--- START ---
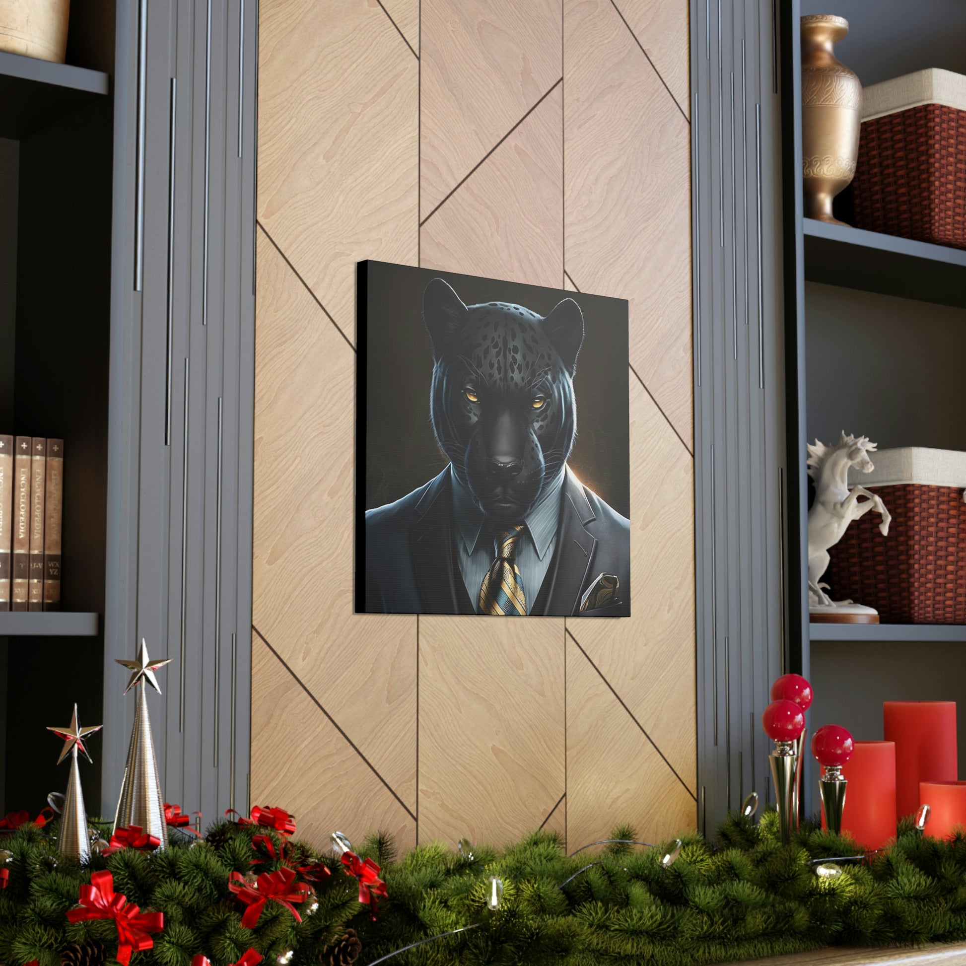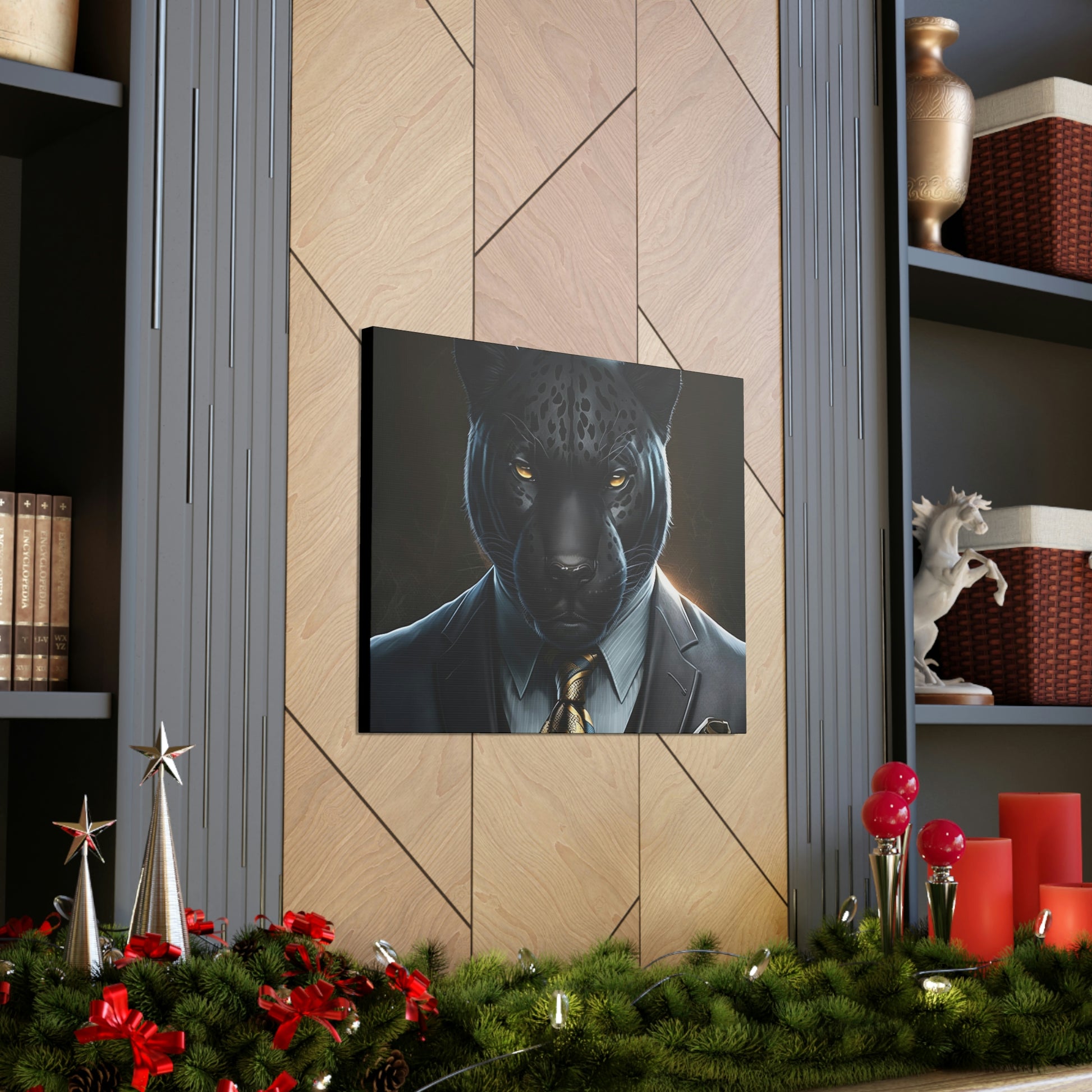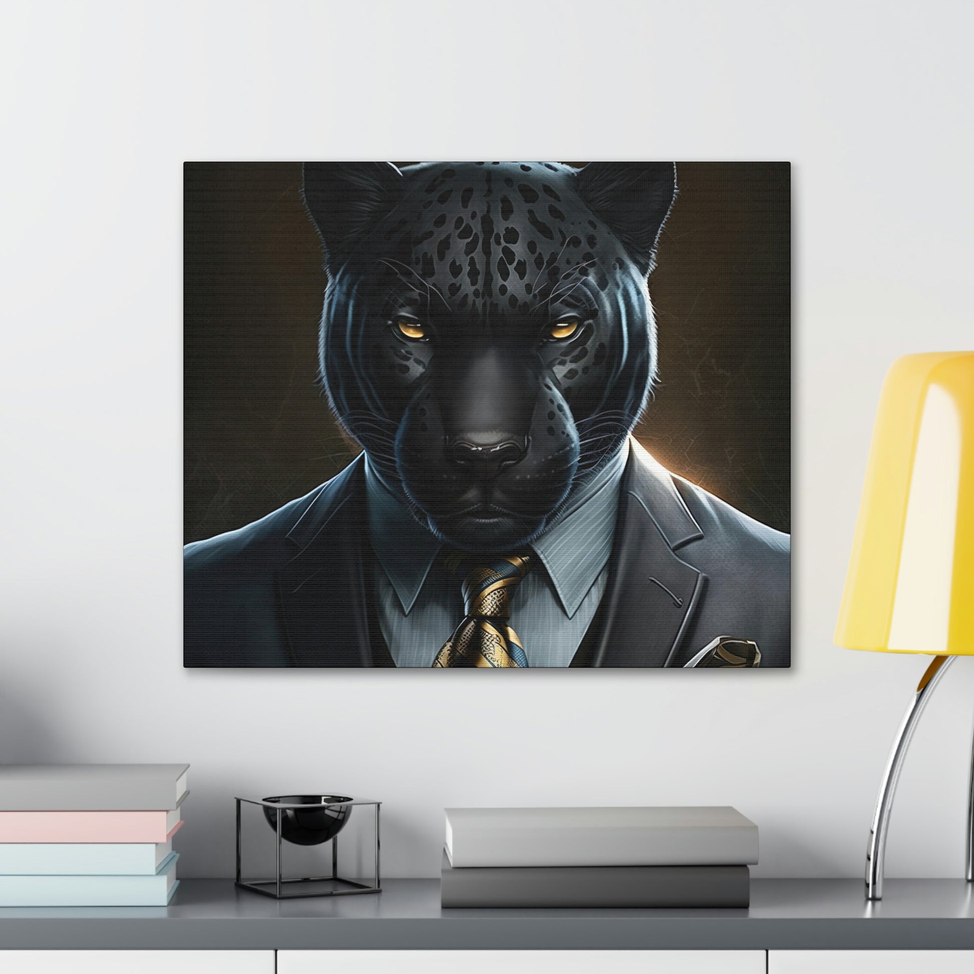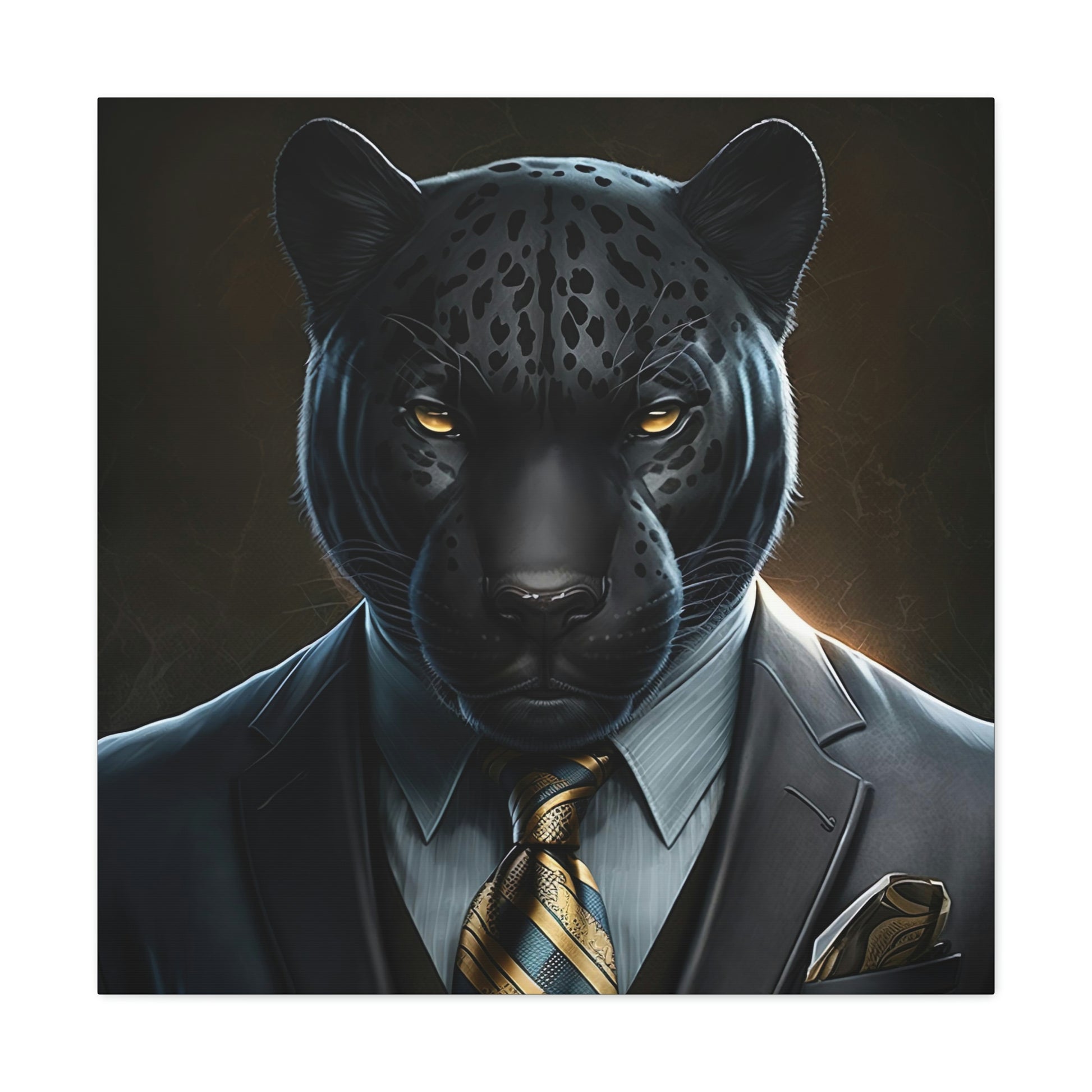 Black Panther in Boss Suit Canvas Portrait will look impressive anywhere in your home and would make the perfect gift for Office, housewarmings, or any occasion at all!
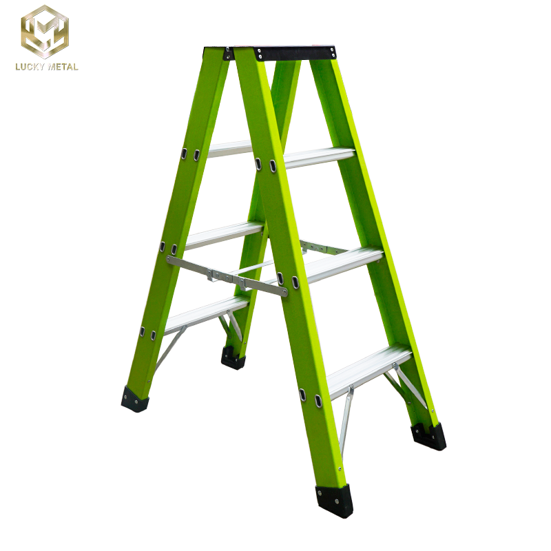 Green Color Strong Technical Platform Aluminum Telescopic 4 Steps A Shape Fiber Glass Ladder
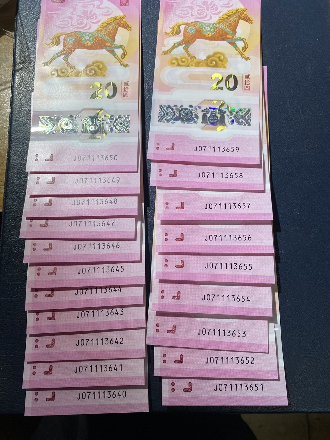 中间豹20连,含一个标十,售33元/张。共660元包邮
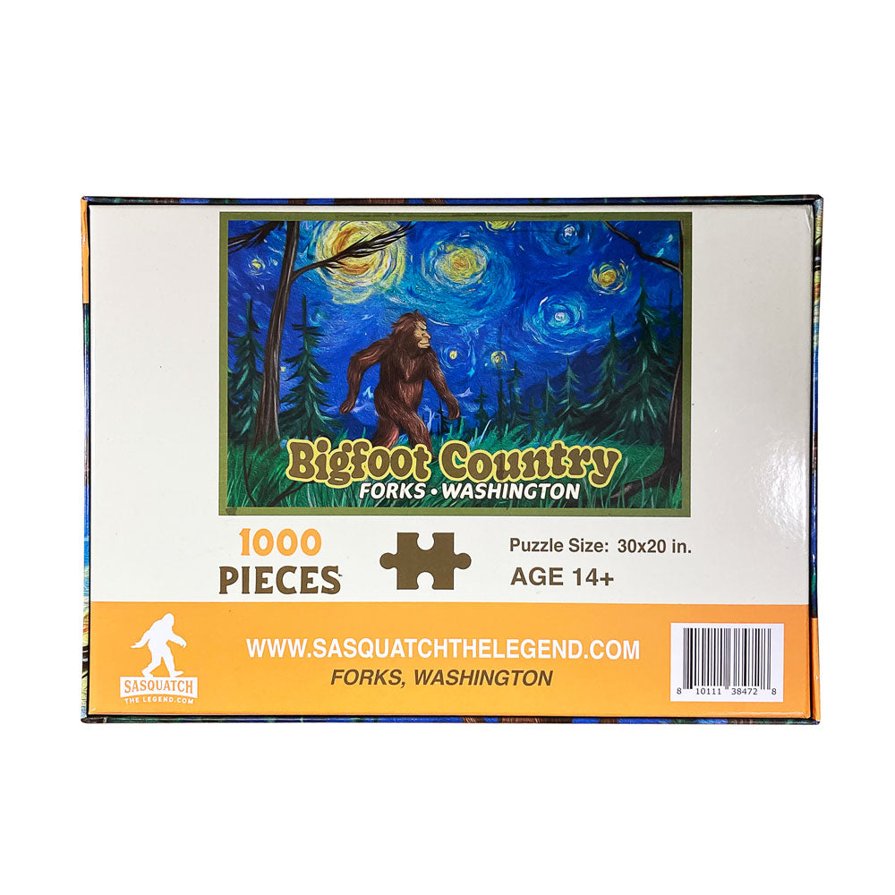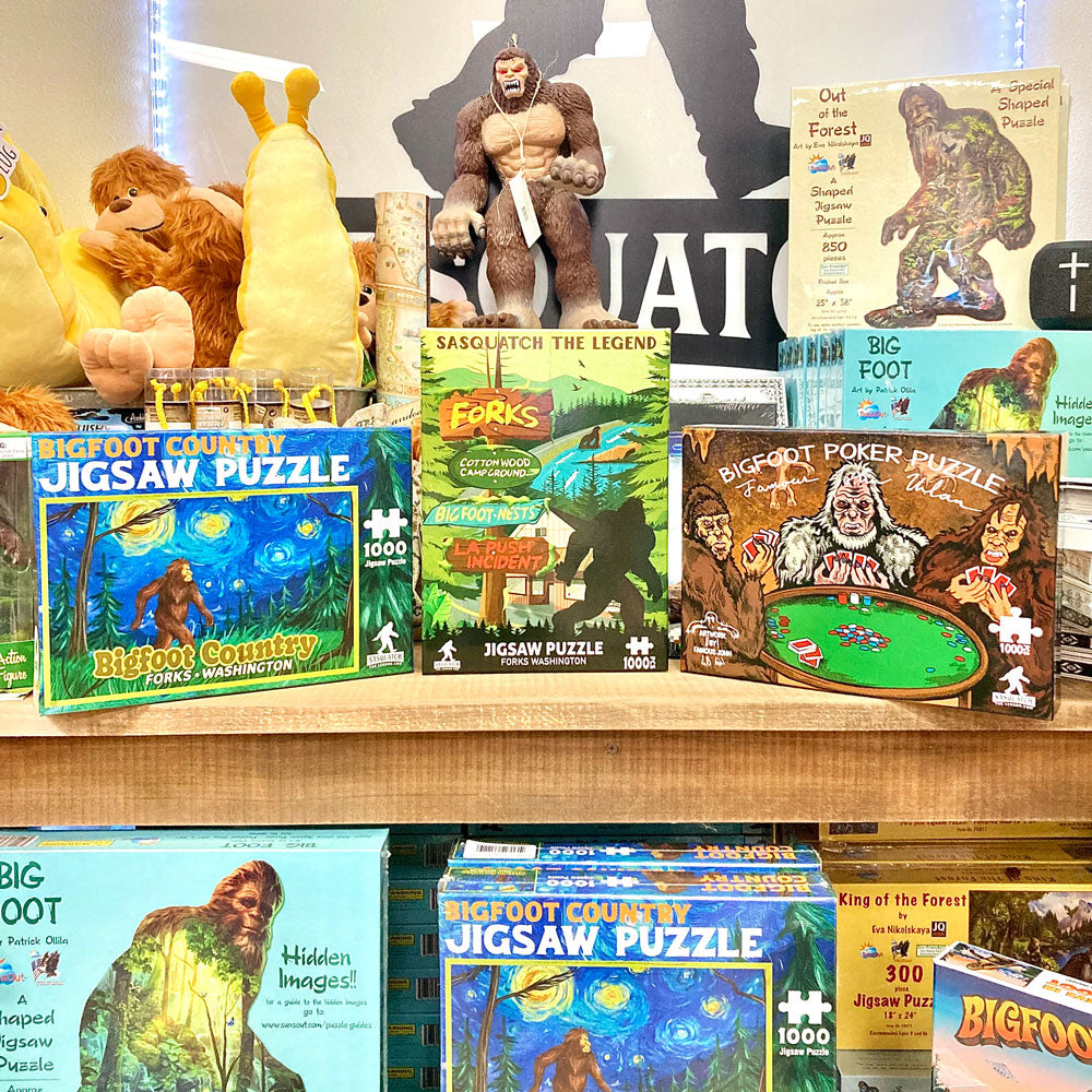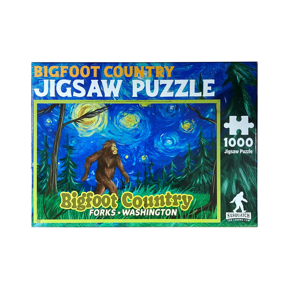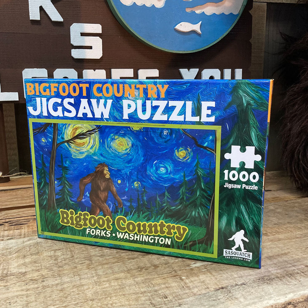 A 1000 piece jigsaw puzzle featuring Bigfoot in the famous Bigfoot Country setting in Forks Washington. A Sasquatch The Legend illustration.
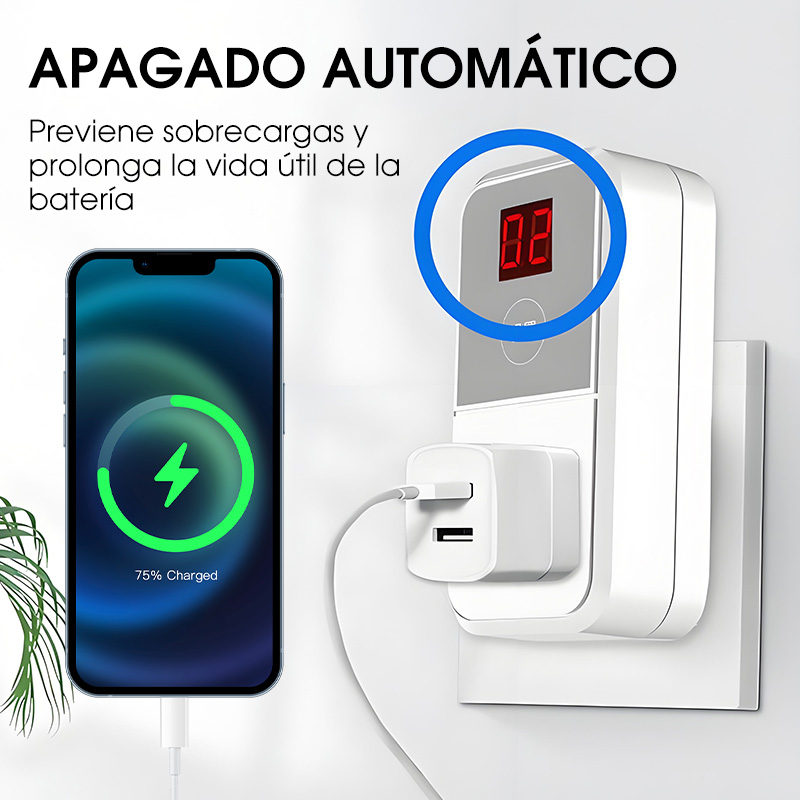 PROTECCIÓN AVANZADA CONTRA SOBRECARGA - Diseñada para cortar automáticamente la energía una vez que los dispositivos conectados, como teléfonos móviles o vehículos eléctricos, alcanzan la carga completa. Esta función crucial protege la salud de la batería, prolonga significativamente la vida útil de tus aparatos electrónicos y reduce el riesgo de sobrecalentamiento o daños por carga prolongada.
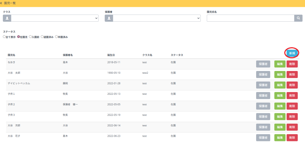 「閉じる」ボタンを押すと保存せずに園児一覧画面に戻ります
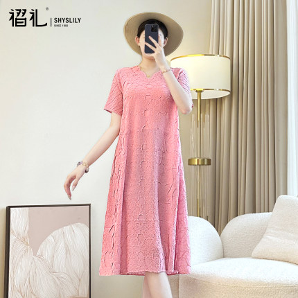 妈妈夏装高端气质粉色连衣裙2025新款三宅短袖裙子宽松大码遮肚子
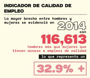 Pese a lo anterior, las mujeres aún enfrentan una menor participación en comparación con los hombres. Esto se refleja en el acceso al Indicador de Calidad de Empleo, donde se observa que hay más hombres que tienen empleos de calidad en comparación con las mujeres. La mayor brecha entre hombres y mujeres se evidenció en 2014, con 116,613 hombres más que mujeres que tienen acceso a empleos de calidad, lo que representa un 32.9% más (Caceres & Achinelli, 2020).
--- END ---
*Work to complete:* Produce an exact reproduction of the listing above, limited to the lines starting at the line with "Green Color Strong" and ending at the line with "妈妈夏装高端气质粉色连衣裙2025新款三宅短袖裙子宽松大码遮肚子", both kept, with every picture left out.

*Solution for this exercise:*
 Green Color Strong Technical Platform Aluminum Telescopic 4 Steps A Shape Fiber Glass Ladder
 中间豹20连,含一个标十,售33元/张。共660元包邮
 A 1000 piece jigsaw puzzle featuring Bigfoot in the famous Bigfoot Country setting in Forks Washington. A Sasquatch The Legend illustration.
 PROTECCIÓN AVANZADA CONTRA SOBRECARGA - Diseñada para cortar automáticamente la energía una vez que los dispositivos conectados, como teléfonos móviles o vehículos eléctricos, alcanzan la carga completa. Esta función crucial protege la salud de la batería, prolonga significativamente la vida útil de tus aparatos electrónicos y reduce el riesgo de sobrecalentamiento o daños por carga prolongada.
 「閉じる」ボタンを押すと保存せずに園児一覧画面に戻ります
 妈妈夏装高端气质粉色连衣裙2025新款三宅短袖裙子宽松大码遮肚子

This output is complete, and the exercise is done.